### About this exercise:
Instruction for the entries that follow: retype exactly the lines from the line with "餐邊柜與屏風(fēng)的結" to the line with "Turnați amestecul într-un", both included, and omit all others.

Collected data:
###
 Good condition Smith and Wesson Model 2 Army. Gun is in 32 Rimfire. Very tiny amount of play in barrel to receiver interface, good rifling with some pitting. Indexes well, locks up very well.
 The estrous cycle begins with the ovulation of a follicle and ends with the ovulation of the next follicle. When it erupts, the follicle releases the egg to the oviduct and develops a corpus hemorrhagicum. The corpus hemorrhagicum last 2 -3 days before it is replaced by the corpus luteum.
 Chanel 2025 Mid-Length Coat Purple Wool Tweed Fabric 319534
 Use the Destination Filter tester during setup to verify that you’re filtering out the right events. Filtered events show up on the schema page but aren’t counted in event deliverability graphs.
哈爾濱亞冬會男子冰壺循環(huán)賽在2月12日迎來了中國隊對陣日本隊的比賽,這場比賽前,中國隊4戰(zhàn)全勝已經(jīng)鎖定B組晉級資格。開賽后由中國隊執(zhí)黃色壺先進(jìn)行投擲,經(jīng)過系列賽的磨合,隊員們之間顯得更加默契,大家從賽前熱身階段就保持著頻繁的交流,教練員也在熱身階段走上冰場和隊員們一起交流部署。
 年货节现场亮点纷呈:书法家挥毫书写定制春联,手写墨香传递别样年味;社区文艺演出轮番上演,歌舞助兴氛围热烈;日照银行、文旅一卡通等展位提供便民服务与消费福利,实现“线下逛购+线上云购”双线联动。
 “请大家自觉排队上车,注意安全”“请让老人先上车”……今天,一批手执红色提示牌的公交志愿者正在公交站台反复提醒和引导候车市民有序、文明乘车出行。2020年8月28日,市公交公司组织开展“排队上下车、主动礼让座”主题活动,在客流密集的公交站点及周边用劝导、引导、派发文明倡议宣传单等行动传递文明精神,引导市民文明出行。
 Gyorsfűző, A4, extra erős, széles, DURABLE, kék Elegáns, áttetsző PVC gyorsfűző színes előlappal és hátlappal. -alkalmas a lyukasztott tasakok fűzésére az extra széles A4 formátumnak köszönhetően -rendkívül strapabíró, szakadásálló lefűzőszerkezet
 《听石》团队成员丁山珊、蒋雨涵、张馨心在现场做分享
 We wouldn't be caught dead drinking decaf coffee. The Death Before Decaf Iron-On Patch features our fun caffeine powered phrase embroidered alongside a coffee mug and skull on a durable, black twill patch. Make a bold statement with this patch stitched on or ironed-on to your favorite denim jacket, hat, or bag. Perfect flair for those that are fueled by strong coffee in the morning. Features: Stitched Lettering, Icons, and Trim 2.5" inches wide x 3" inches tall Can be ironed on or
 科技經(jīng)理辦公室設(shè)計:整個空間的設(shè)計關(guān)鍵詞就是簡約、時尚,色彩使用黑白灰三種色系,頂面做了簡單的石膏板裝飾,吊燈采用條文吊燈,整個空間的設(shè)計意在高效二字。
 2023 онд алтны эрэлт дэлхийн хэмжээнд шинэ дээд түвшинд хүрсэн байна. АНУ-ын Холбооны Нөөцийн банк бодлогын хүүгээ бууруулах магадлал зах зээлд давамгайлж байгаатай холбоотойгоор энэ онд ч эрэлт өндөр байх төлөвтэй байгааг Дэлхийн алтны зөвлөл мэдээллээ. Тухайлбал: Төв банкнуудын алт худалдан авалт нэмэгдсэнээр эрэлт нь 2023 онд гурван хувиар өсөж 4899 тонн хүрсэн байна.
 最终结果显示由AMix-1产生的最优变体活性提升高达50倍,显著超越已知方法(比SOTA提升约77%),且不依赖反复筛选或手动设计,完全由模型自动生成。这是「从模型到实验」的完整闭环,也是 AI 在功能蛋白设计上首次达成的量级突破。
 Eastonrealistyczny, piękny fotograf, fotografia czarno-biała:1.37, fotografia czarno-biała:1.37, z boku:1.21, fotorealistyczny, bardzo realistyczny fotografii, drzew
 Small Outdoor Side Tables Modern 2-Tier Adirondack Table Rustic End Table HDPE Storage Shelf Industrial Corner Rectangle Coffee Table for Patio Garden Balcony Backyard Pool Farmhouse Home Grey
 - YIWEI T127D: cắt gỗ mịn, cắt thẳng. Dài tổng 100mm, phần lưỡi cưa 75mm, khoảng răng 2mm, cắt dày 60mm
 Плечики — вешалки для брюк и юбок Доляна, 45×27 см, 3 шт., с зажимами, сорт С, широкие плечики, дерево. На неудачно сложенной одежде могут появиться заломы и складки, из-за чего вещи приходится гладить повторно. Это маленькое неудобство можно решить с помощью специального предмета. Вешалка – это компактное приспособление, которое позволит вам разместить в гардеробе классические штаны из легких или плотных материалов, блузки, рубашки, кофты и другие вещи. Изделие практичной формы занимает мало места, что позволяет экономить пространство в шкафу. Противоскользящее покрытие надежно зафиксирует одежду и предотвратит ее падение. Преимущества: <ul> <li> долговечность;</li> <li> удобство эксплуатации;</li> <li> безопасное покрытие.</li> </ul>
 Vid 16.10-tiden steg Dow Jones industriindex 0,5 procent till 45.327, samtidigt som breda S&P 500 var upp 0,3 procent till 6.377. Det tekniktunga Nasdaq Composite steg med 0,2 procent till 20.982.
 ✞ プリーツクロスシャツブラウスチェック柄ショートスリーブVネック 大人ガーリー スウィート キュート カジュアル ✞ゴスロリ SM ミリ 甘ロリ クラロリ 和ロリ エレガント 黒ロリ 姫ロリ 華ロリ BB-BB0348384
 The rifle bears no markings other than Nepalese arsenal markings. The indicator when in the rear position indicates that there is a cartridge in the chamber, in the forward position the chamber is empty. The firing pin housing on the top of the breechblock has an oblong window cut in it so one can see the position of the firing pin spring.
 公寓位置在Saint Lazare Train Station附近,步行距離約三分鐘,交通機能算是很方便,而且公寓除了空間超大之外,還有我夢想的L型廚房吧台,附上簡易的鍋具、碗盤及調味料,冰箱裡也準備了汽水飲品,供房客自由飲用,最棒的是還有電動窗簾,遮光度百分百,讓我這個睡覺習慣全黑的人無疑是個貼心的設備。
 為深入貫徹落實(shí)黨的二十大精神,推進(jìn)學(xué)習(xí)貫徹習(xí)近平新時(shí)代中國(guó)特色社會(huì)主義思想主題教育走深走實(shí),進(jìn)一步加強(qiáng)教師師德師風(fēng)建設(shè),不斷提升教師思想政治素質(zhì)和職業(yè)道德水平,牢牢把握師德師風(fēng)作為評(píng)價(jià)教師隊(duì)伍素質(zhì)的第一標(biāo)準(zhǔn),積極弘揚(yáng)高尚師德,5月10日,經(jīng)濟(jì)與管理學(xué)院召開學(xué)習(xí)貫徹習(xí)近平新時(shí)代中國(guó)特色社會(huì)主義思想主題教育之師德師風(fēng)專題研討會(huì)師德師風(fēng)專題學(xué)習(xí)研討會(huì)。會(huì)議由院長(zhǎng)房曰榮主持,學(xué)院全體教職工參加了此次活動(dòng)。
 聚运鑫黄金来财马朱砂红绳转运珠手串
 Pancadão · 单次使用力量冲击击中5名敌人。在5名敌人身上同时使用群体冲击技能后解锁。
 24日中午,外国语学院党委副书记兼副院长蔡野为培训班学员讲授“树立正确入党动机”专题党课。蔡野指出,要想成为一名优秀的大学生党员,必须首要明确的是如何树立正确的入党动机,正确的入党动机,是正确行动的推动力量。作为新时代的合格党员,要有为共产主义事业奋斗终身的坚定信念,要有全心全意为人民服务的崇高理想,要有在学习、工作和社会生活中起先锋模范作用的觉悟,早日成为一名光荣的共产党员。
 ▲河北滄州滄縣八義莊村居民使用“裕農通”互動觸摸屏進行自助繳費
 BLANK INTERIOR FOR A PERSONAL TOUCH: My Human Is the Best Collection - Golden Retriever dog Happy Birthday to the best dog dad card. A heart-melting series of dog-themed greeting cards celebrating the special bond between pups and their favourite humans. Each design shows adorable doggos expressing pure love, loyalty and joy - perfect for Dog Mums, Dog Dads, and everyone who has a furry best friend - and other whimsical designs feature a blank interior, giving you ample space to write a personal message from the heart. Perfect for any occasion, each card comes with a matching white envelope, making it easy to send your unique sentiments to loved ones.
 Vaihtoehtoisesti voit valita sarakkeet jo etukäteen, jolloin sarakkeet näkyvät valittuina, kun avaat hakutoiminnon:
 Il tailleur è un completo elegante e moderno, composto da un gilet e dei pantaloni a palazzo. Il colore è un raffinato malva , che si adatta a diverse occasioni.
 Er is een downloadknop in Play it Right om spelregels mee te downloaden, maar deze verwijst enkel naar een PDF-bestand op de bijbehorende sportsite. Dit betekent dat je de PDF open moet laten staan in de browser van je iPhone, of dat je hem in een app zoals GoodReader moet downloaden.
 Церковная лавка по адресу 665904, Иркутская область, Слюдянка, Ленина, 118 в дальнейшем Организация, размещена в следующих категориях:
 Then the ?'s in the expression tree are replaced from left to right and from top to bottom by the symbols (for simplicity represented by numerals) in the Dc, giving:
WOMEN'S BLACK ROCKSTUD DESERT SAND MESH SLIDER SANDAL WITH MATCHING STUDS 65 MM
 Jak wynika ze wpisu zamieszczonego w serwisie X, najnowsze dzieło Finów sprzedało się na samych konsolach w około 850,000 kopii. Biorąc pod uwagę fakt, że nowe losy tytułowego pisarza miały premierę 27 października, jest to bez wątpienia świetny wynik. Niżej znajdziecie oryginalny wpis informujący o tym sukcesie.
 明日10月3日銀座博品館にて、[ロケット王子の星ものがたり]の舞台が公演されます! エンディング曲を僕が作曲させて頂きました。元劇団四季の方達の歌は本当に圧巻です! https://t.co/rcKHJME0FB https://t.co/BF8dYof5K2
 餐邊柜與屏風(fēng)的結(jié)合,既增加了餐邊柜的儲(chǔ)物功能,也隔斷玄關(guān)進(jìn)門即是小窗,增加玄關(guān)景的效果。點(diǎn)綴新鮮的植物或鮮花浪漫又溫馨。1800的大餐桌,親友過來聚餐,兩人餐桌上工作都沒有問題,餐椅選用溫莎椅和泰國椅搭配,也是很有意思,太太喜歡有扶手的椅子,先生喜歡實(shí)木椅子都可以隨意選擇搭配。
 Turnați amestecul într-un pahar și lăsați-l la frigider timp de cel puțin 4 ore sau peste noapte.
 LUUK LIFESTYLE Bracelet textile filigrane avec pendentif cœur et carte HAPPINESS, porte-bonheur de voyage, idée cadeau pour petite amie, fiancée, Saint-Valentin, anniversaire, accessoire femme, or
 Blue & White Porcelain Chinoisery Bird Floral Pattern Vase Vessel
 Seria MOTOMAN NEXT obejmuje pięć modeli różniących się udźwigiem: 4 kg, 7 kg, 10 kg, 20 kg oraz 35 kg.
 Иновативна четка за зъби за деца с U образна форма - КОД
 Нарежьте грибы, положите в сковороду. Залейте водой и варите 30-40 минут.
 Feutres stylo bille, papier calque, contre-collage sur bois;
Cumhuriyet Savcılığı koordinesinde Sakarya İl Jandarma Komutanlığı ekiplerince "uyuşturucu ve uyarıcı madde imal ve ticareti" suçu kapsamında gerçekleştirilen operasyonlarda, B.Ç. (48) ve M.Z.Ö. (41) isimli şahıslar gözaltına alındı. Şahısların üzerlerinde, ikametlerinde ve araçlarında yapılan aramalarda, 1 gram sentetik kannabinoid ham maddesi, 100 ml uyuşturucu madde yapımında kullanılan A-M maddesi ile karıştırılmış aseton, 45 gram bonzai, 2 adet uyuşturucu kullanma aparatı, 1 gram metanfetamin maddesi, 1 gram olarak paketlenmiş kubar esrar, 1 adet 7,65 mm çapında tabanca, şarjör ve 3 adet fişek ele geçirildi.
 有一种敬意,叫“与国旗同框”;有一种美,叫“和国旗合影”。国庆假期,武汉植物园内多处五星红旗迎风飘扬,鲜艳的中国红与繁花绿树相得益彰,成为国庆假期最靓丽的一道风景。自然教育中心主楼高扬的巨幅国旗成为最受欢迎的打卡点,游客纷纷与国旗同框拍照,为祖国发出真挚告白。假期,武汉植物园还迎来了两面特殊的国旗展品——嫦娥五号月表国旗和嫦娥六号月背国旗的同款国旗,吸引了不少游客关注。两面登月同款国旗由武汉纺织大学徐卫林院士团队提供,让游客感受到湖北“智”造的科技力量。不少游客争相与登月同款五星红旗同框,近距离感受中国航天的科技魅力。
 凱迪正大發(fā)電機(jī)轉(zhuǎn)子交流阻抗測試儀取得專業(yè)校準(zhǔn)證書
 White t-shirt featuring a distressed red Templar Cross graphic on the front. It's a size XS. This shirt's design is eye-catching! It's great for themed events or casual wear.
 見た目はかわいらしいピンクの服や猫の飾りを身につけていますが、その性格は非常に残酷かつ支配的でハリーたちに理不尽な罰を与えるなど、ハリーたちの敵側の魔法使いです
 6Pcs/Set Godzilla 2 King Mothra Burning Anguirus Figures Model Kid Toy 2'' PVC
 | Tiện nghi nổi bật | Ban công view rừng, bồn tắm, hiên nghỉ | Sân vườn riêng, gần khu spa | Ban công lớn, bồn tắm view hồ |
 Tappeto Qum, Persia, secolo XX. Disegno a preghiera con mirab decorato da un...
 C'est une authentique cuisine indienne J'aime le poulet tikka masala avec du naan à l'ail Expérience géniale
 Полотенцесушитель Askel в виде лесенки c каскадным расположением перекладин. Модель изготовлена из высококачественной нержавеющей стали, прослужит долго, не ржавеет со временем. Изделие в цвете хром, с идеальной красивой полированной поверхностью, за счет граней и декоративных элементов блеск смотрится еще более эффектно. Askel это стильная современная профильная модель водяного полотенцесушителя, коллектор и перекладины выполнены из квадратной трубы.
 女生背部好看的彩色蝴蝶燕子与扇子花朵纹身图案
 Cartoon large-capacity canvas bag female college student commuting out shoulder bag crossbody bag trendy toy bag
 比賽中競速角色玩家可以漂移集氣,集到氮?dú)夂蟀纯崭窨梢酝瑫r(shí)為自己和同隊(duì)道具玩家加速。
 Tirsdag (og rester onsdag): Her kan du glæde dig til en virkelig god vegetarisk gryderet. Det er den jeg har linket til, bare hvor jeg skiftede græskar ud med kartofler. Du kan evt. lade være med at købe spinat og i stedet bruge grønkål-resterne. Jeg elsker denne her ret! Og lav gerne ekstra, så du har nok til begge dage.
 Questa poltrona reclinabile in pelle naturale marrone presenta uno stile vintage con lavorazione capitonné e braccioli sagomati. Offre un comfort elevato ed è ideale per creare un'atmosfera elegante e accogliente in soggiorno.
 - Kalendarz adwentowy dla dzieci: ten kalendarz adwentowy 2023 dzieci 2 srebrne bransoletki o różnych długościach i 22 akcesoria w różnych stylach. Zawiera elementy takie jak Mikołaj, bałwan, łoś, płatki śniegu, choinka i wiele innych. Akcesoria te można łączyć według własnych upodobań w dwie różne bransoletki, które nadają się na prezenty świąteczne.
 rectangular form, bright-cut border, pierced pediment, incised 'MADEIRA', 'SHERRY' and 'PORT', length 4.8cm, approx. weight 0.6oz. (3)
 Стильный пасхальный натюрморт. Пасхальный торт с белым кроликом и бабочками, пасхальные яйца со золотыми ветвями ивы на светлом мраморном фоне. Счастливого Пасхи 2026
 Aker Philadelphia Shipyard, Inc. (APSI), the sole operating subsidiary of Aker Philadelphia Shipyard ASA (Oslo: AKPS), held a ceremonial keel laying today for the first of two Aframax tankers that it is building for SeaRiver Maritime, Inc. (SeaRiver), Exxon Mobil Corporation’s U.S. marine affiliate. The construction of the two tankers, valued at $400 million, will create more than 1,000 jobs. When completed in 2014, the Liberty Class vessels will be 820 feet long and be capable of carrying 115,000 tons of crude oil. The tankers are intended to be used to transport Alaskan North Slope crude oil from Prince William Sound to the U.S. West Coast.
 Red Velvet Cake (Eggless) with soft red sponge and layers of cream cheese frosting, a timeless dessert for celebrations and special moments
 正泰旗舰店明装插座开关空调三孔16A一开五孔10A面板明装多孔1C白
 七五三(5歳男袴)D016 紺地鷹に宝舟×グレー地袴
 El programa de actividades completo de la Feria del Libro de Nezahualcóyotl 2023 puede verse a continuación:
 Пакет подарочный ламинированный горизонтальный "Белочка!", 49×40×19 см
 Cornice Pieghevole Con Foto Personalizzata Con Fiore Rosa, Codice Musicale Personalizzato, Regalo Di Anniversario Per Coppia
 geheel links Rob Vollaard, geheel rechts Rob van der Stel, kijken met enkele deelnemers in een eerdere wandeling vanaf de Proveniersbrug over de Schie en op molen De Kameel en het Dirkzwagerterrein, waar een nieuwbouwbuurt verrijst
###
### Finished task:
 餐邊柜與屏風(fēng)的結(jié)合,既增加了餐邊柜的儲(chǔ)物功能,也隔斷玄關(guān)進(jìn)門即是小窗,增加玄關(guān)景的效果。點(diǎn)綴新鮮的植物或鮮花浪漫又溫馨。1800的大餐桌,親友過來聚餐,兩人餐桌上工作都沒有問題,餐椅選用溫莎椅和泰國椅搭配,也是很有意思,太太喜歡有扶手的椅子,先生喜歡實(shí)木椅子都可以隨意選擇搭配。
 Turnați amestecul într-un pahar și lăsați-l la frigider timp de cel puțin 4 ore sau peste noapte.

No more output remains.